You can do your own modules, say under HOME/my_modules. Then, you can make them available for module commands by running module use -a $HOME/my_modules.

Available modules#

module avail

The avail keyword can also be used to search for modules:

module avail libglu

Finding hidden modules#

module --show-hidden avail

Node cpu core/task#

Node –> CPU(s) –> Core(s)/tasks

  • A node is the physical box containing a computer

    • Has unique hostname and set of running processes

  • The motherboard in each node can have several sockets and thus a cpu chip in each sockeet

  • Each CPU has multiple cores

  • Node is a compute node (one computer)
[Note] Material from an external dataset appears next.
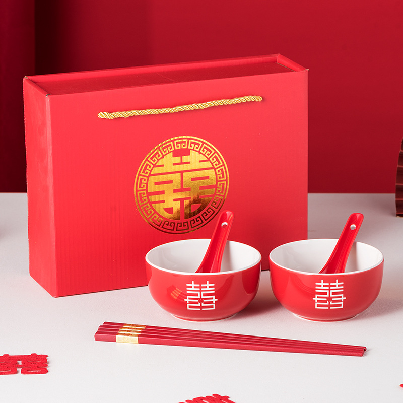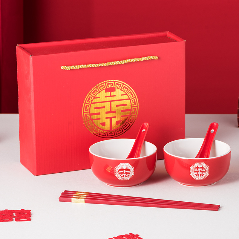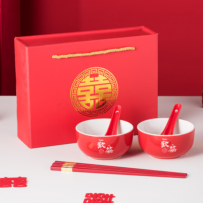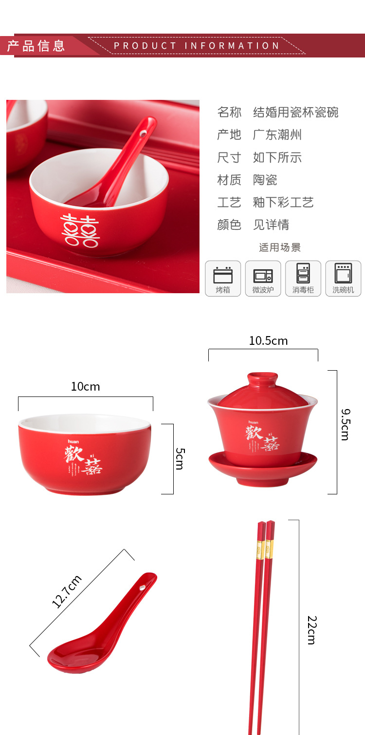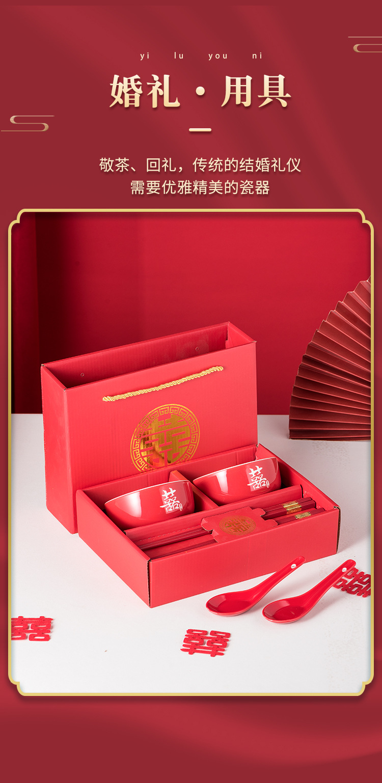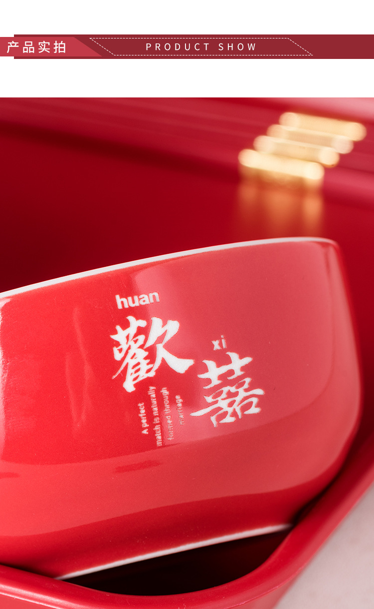 茶杯结婚改口陪嫁喜碗敬酒碗筷茶具套装一对红色喜庆婚礼杯子用品

  • CPU is a processor inside a node. There are 2 CPUS per node. This is also called a socket

  • Core is a processing unit inside a CPU. This differs for each system and you can check with the command freepe to get a list of all the variations and how much is free at a given time.

sbatch options#

  • –nodes: nodes/machines

  • –ntasks: MPI tasks or processes, equal to “cores” only when “cpus-per-task” is set to one

  • –cpus-per-tasks: number of cores per task/process

  • –mem-per-cpu: memory per core

  • –mem: memory per node

If a program accepts an option called -threads, it typically refers to shared memory (OpenMP etc) which relates to the –cpus-per-task option in sbatch.